THE price of fuel is expected to skyrocket next week following a surge in international petroleum prices a fortnight ago.
Oil prices went up sharply over the past two weeks to hit US$41 a barrel of crude oil from a record low of US$28 per barrel recorded in January this year.
The price of crude oil had been on a freefall since June 2014 after touching a record high of US$118 per barrel before receding to US$28 per barrel early this year.
Currently, the pump price of petrol is between US$1,20 and US$1,24 per litre while diesel is selling at between US$0,92 and US$1,04 per litre.
Local petroleum prices are still far higher than those in other countries in the region.
The impending fuel price increases are certainly going to have a detrimental impact on the frail economy, as prices of other commodities might rise as businesses cushion themselves from high costs.
Zimbabwe Energy Regulatory Authority (ZERA) chief executive officer, Gloria Magombo, conceded on Tuesday that the surge in fuel prices on the international market would push local prices northwards.
Magombo said: “We always follow that pattern but we are always behind by two to three weeks.

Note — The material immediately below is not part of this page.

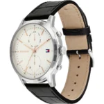 ساعة تومي هيلفيغر Tommy Hilfiger للرجال أصلية موديل 1710434 Easton لون فضي و استيك جلد طبيعي لون اسود.
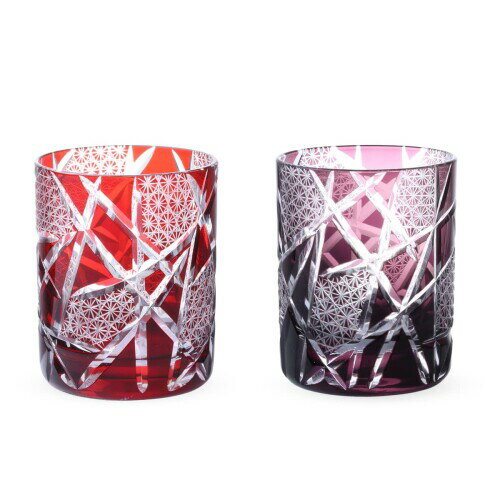 J-kitchens 郷愁 切子 ペア グラス カップ ロック グラス Φ70xH90mm 210cc 乱彫小紋 レッド & パープル 美匠 Current Model

When prices are coming down, we are always behind in adjusting our fuel prices and when (there is an uptick in oil prices) we expect the local market to react accordingly.”
The Organisation of the Petroleum Exporting Countries (OPEC) and non-members are meeting next month in Doha, Qatar to discuss a production freeze.

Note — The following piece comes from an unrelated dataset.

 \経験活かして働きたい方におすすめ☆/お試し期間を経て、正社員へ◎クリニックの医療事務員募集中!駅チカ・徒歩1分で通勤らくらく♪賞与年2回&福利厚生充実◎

The effect of this would be to push prices further up. Key cartel members include Libya, Saudi Arabia, Kuwait, Qatar and Algeria. Russia will be at the meeting as a non-member.
OPEC members insist that they want to stabilise the oil market, but in essence, they have been affected by falling international oil prices that have hurt their economies. The low oil prices were a result of oversupply, and not a lack of demand.
Now, the prices have rebounded, although they are still far below record levels that helped boost oil producing countries’ economies.
But non oil-producing countries like Zimbabwe are likely to suffer from the price surge as this would affect the cost of logistics, which would in turn affect commodity prices across the board.
This would have the effect of further derailing economic revival efforts in the country, whose growth has been projected at 1,4 percent this year by the International Monetary Fund.
Local petroleum companies said they would hike prices to maintain profit margins. There were indications they would swiftly raise their retail prices next week, and that talks with ZERA had already begun on the modalities of an adjustment.
It would appear the petroleum companies require no persuasion to adjust prices upwards, unlike in situations when international prices go down. Last year, players were forced by government to reduce their retail prices after they had maintained the price of petrol at US$1,50 per litre and diesel at US$1,38 per litre, despite the downward spiral in international oil prices.
Players said since government had increased the fuel levy when prices went down to protect the flow of revenue into the fiscus, they expected Treasury to reduce the levy once prices started moving up.
But this is unlikely to happen considering that government is desperate for cash due to dwindling revenue streams caused by widespread company closures and job losses.